Es erwog mit einlässlicher Begründung, dass diese kein "eindeutiges Rückforderungsrecht" im Sinne von Art. 85bis Abs. 2 lit. b IVV beinhalte. Denn ein derart formuliertes Rückforderungsrecht richte sich nur gegen den Versicherten selbst, nicht aber gegen den ebenfalls Leistungen erbringenden Sozialversicherungsträger und sei deshalb nicht geeignet, ein direktes Rückforderungsrecht gegenüber der nachträglich leistenden Invalidenversicherung zu begründen. 
Besondere Verhältnisse wie im nicht veröffentlichten Urteil W. vom 3. Dezember 1993 (I 405/92), in welchem das Eidgenössische Versicherungsgericht die Drittauszahlung trotz fehlender ausdrücklicher gesetzlicher Grundlage bestätigen konnte, weil der Leistungsbezug nur unter ausdrücklichem Vorbehalt der Verrechnung mit einer später für die gleiche Zeit zugesprochenen Invalidenrente erfolgt war, sind nicht ersichtlich. 
 
dd) Da die Versicherte auf ein Ersuchen der Ausgleichskasse um Erteilung des Einverständnisses zur Verrechnung ablehnend und auf ein solches der Winterthur Versicherungen nicht geantwortet hatte, liegt auch kein vertragliches eindeutiges Rückforderungsrecht vor. 
 
ee) Der Entscheid des kantonalen Gerichts ist daher aufzuheben. 
 
b) Bei dieser Rechtslage braucht nicht weiter geprüft zu werden, in welchem betragsmässigen Umfang eine Verrechnung zulässig wäre. 
 
4.- Da nicht der Anspruch auf Versicherungsleistungen zu beurteilen war, ist das Verfahren vor dem Eidgenössischen Versicherungsgericht kostenpflichtig (Umkehrschluss aus Art. 134 OG). Dem Prozessausgang entsprechend sind die Gerichtskosten von der unterliegenden Winterthur Versicherungen zu tragen (Art. 156 Abs. 1 in Verbindung mit Art. 135 OG). 
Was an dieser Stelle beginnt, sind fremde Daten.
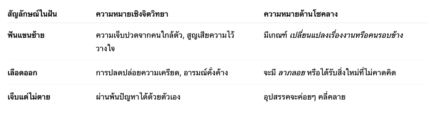 Q: ฝันว่าโดนฟันแขนซ้ายแต่ไม่เจ็บจริง จะมีโชคหรือไม่?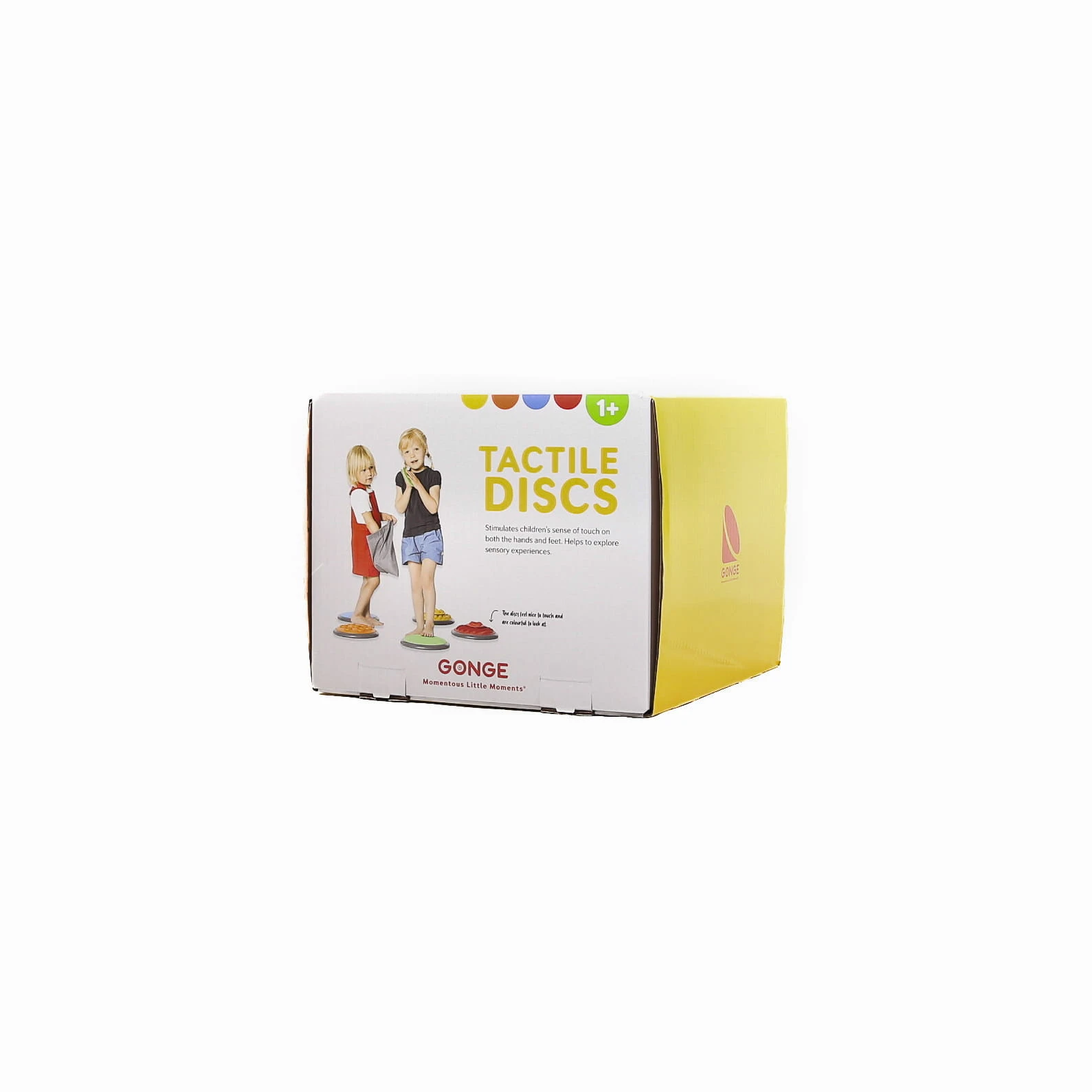 Dzięki zastosowaniu wysokiej jakości materiału oraz odpowiedniemu wyprofilowaniu powierzchni dysków możliwa jest stymulacja zmysłu dotyku, zarówno w obrębie stóp, jak i rąk. Każdy z kształtów można odnaleźć na dużym i małym dysku, dzięki czemu zestaw sprawdzi się w zabawach polegających na odnajdywaniu tożsamych par. Dyski sensoryczne Gonge Tactile Discs to produkt bardzo uniwersalny, który dzięki swoim właściwościom znajdzie zastosowanie podczas ćwiczeń i zabawy w domu, przedszkolu czy placówce rehabilitacyjnej.
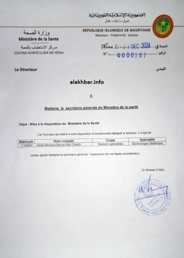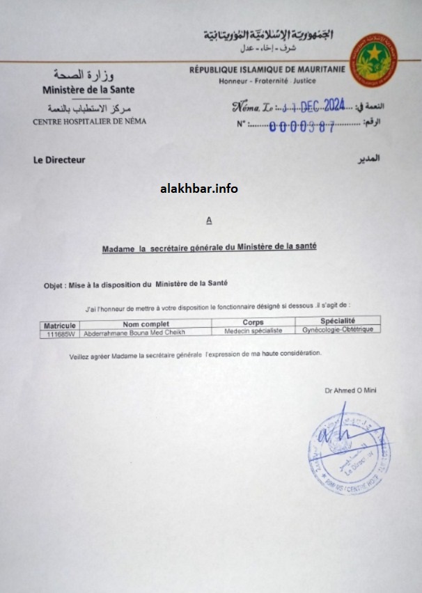 وحصلت وكالة الأخبار المستقلة على الرسالة التي وقّعها مدير المستشفى الدكتور أحمد ولد ميني اليوم، وجهها إلى الأمينة العامة لوزارة الصحة يعيد بموجبها ولد بونا إلى وزارة الصحة.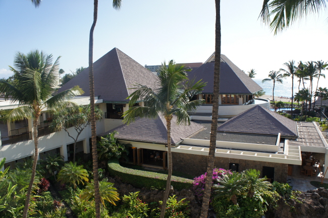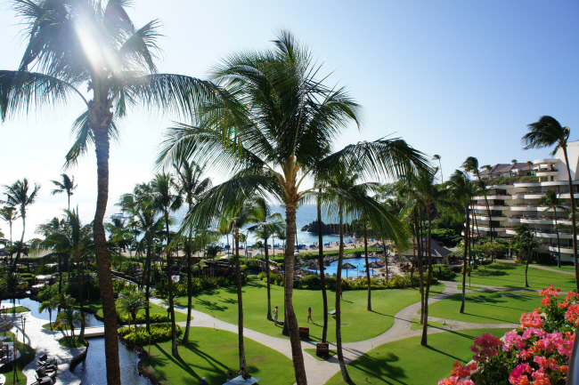 저희는 마우이 쉐라톤에 묵었어요. 처음에 호텔을 정하는데 있어 많은 고민을 했었죠. 좀 조용한 곳이었으면도 했고, 호텔방도 좋았으면 했고, 내부 시설도 좋았으면 했어요 ㅋ 욕심 많았나요? 그래서 고민 끝에 쉐라톤으로 결정했죠. 쉐라톤은 정말 휴양하기 딱!! 좋은 곳이예요 방에서 나오면 바로 내부 수영장이 있고, 그 뒤로 푸르른 비치가 있어요.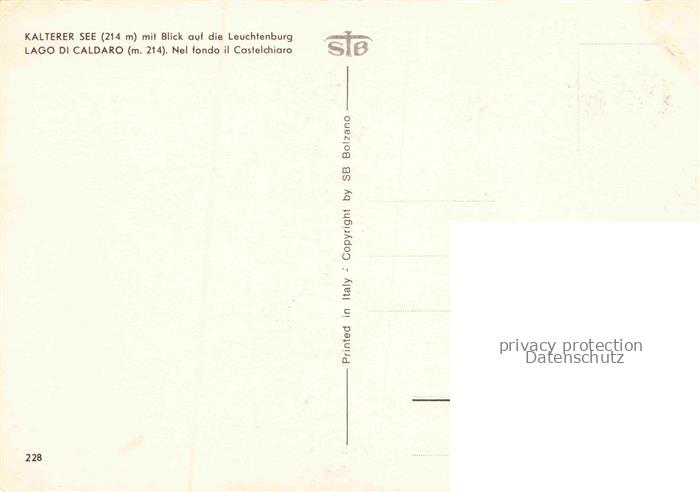 74079682 Kalterer See Suedtirol mit Blick auf die Leuchtenburg postalisch nicht gelaufen Erhaltung siehe scans [WerneD78] KatCode: 11240

Demnach erkennt das Eidg. Versicherungsgericht: 
 
I.In Gutheissung der Verwaltungsgerichtsbeschwerde wird 
der Entscheid des Verwaltungsgerichts des Kantons 
Schwyz vom 17. November 1999 aufgehoben. 
 
II.Die Gerichtskosten von Fr. 800.- werden den Winterthur Versicherungen auferlegt. 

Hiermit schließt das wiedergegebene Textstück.